Oracle RMSE vs depth, faceted by n_train. Lower is better. Logistic-regression IPW is well-specified on this DGP and gives the best achievable two-step baseline; riesztree directly optimises the Bregman-Riesz loss and beats both IPW variants once n exceeds a few hundred.

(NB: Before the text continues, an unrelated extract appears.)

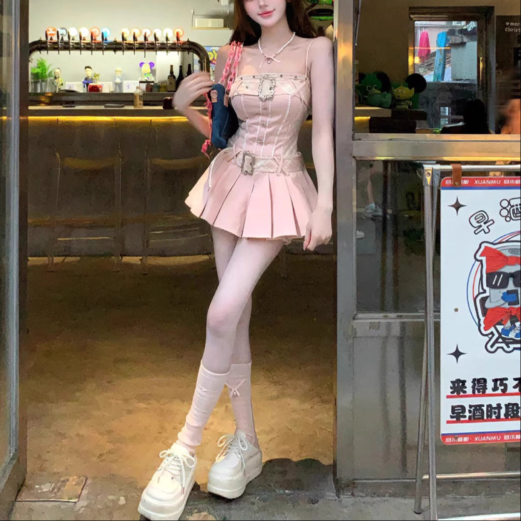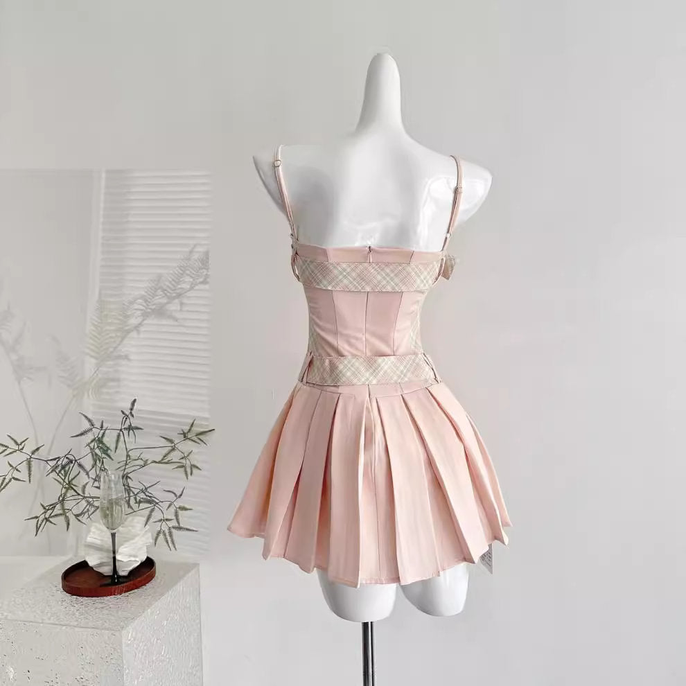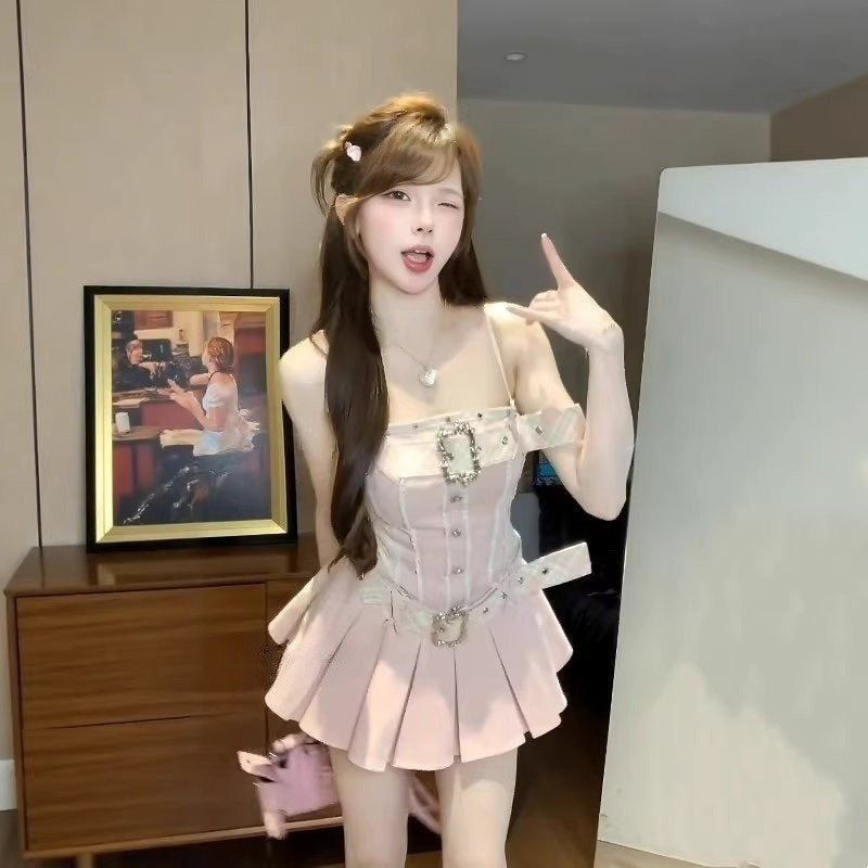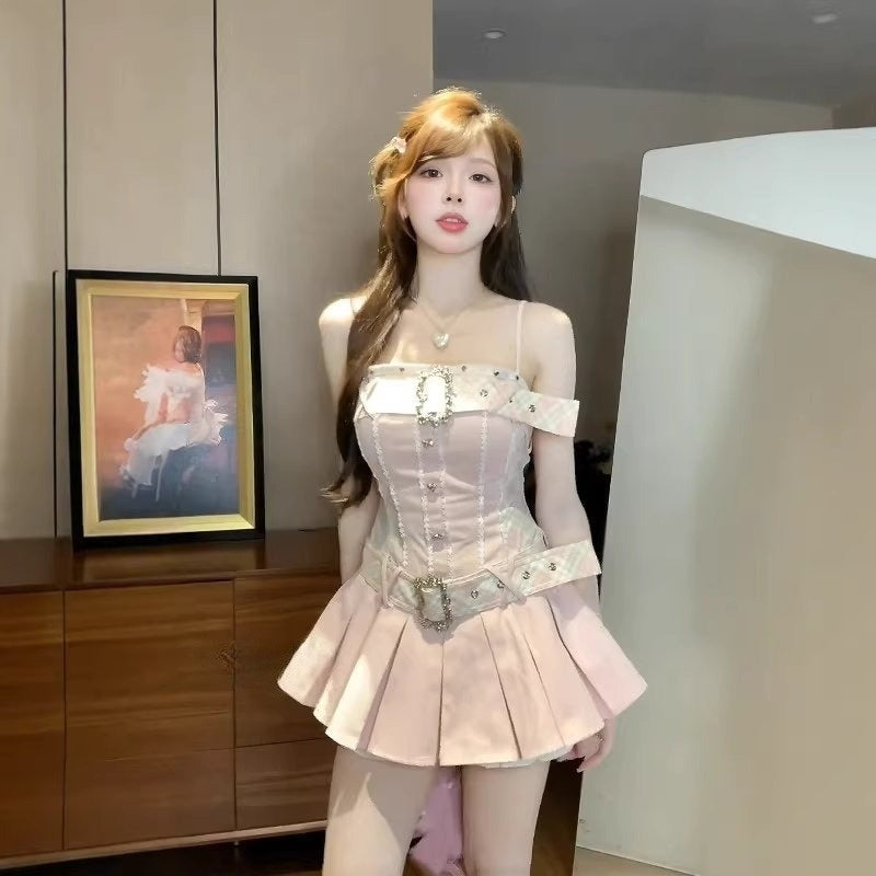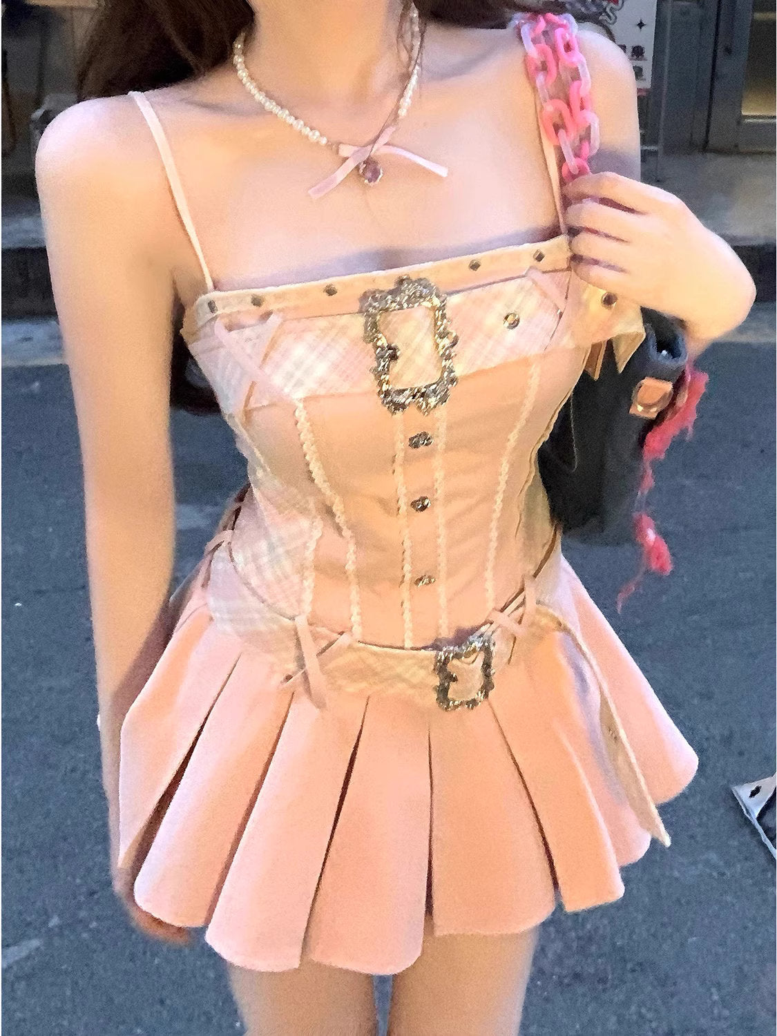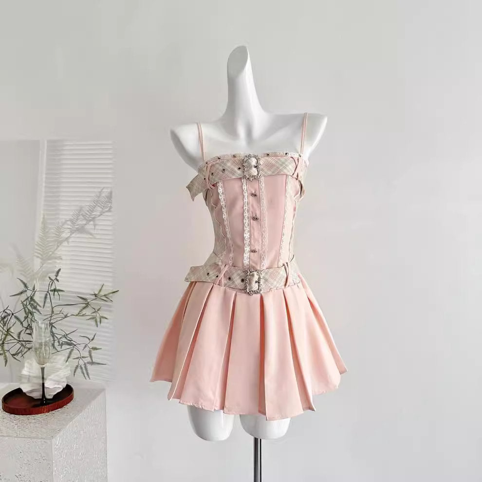甘いピンクの誘惑に誘われるビジューバックルワンピース_R0256

Three things to read off the chart:

  1. At very small \(n\) (100, 200), all three methods are competitive — there isn’t enough signal to separate them.
  2. From \(n \approx 500\) onward, riesztree consistently beats IPW-with-CART, and the gap grows with \(n\).
  3. The horizontal logistic-regression line is the floor for IPW with a correctly-specified propensity model. riesztree reaches and crosses that floor at moderate \(n\), despite not knowing the propensity is logistic. Direct loss optimisation on \(\alpha\) avoids paying the model-mis-specification tax that the tree-IPW route incurs.

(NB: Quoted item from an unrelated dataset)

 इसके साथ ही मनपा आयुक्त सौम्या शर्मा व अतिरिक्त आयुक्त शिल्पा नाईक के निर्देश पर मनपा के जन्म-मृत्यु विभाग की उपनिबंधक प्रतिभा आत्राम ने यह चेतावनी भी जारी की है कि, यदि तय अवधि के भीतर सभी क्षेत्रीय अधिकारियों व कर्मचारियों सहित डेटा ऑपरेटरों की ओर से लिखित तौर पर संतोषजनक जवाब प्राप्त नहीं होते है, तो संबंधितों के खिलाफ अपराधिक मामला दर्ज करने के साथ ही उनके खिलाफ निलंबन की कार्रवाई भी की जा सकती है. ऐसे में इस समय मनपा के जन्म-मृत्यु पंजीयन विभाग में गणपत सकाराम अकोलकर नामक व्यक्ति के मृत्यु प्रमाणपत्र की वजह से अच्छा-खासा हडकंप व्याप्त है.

The held-out depth that minimises RMSE for riesztree typically sits in the 4–8 range; deeper trees overfit. Tune via GridSearchCV in practice.

16 Sharp edges

  • High variance. A single tree’s RMSE is materially higher than a tuned forest or booster on the same DGP. Use this learner for interpretability or when the dependency footprint matters; otherwise pick forestriesz or rieszboost.
  • No confidence intervals in v1. Honest splits are not implemented.
  • Constant per-leaf \(\alpha\) only. Linear-in-\(X\) and treatment-sieve leaves are documented as future work.
  • Loss-domain disqualifications. KL / Bernoulli with ATE-style estimands will see many split candidates ruled out; the resulting tree may be shallower than max_depth. This is the splitter respecting the link’s \(\alpha\)-domain, not a bug.